- Task details -
Copy task, pictures excluded: set down exactly the lines from the one containing "At a recent" to the end of the data below.

- Data excerpt -
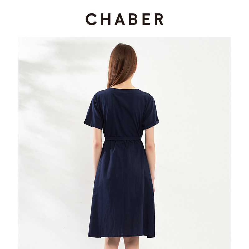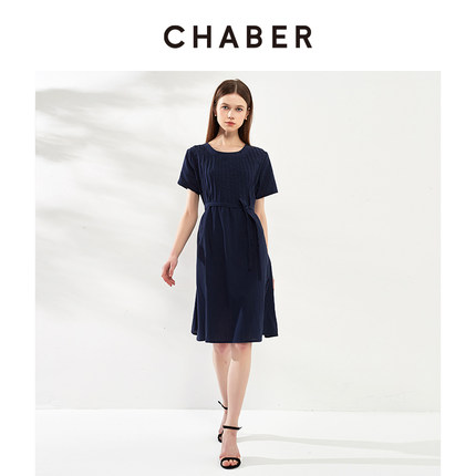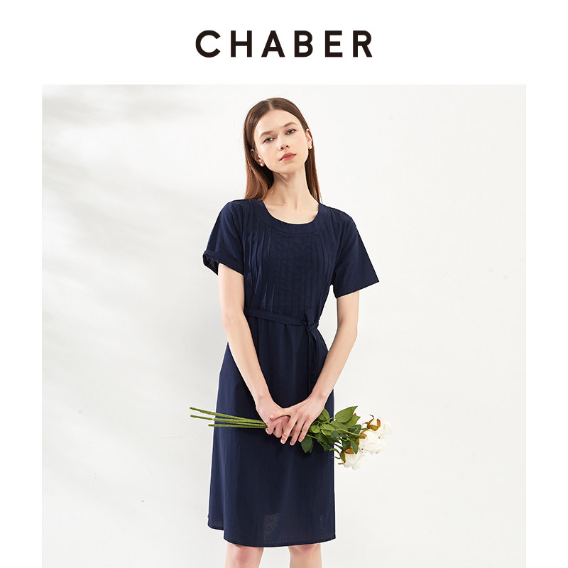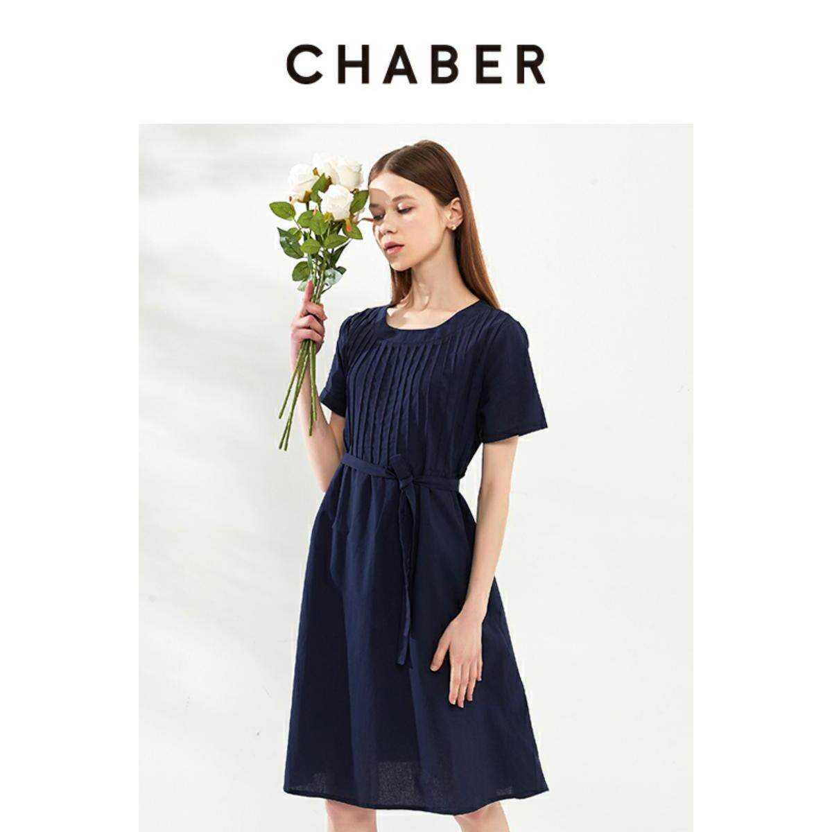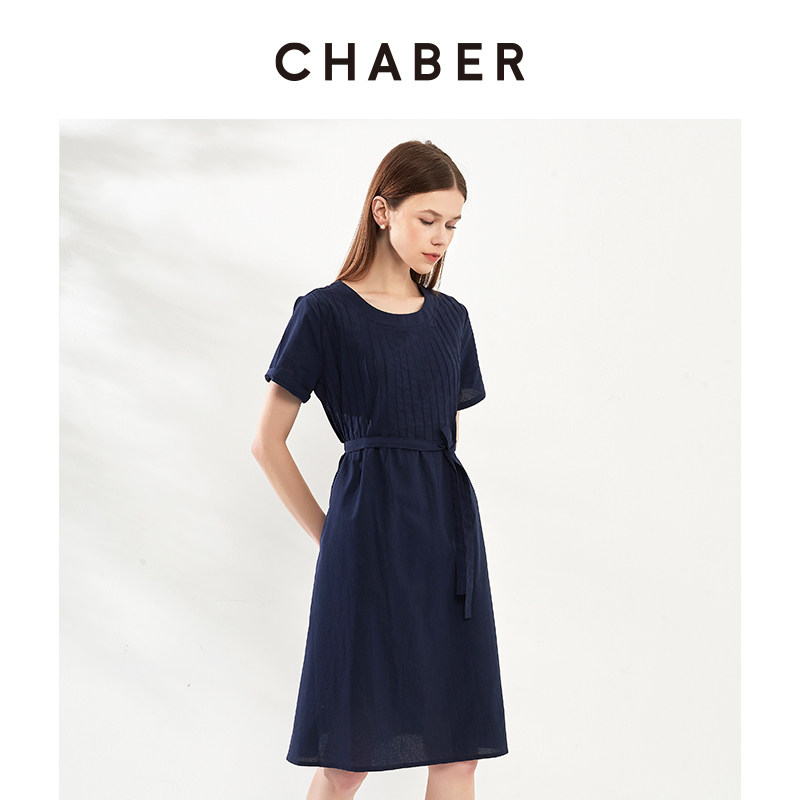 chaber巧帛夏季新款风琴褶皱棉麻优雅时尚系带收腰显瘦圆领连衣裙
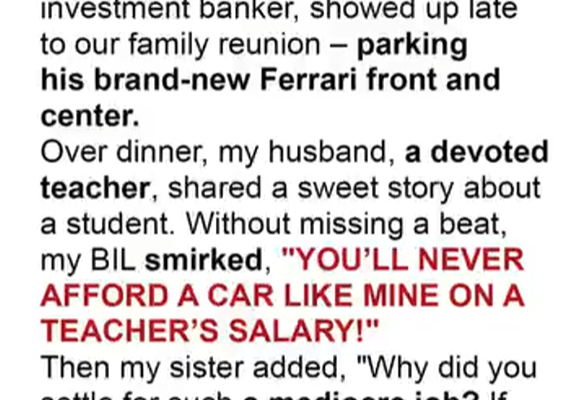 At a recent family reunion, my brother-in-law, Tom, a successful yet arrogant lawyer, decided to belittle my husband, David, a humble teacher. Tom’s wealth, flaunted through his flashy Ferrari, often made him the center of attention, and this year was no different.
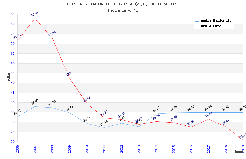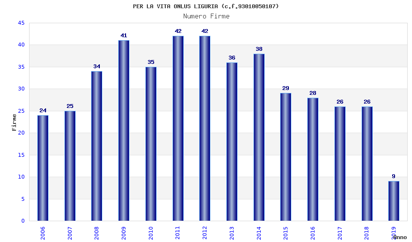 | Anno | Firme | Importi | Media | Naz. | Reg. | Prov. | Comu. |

- The answer -
 At a recent family reunion, my brother-in-law, Tom, a successful yet arrogant lawyer, decided to belittle my husband, David, a humble teacher. Tom’s wealth, flaunted through his flashy Ferrari, often made him the center of attention, and this year was no different.
 | Anno | Firme | Importi | Media | Naz. | Reg. | Prov. | Comu. |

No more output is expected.